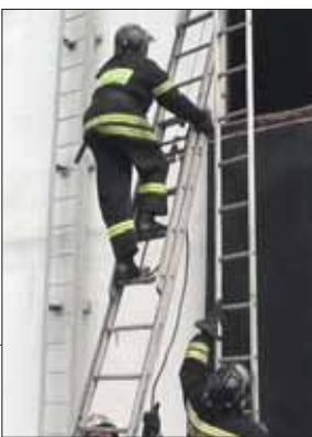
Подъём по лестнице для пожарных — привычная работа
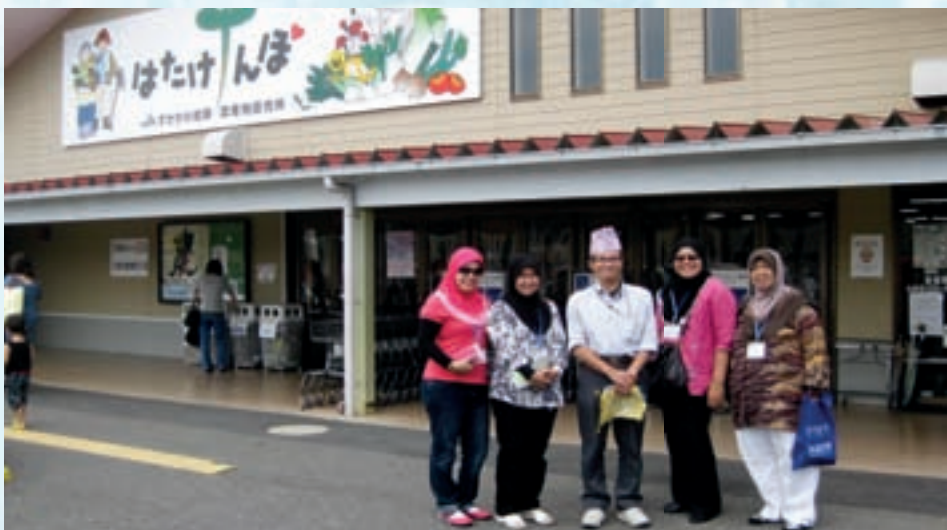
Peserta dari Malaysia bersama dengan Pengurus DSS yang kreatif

...

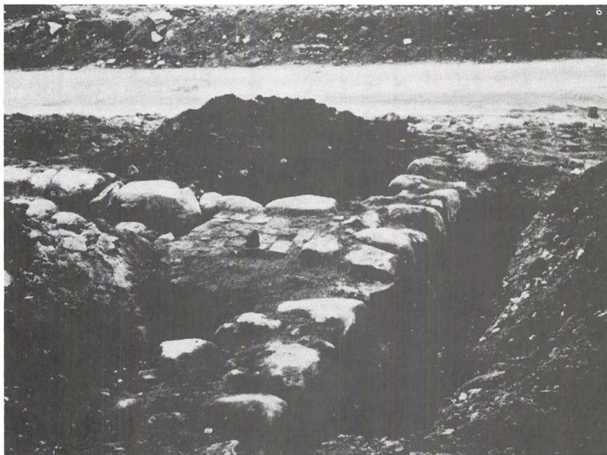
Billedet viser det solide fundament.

Problem requirements - Within the entries above, the lines from the one containing "Подъём по лестнице" through the one containing "Peserta dari Malaysia" are to be transcribed exactly, ends included, pictures excluded.

Response for this exercise -
Подъём по лестнице для пожарных — привычная работа
Peserta dari Malaysia bersama dengan Pengurus DSS yang kreatif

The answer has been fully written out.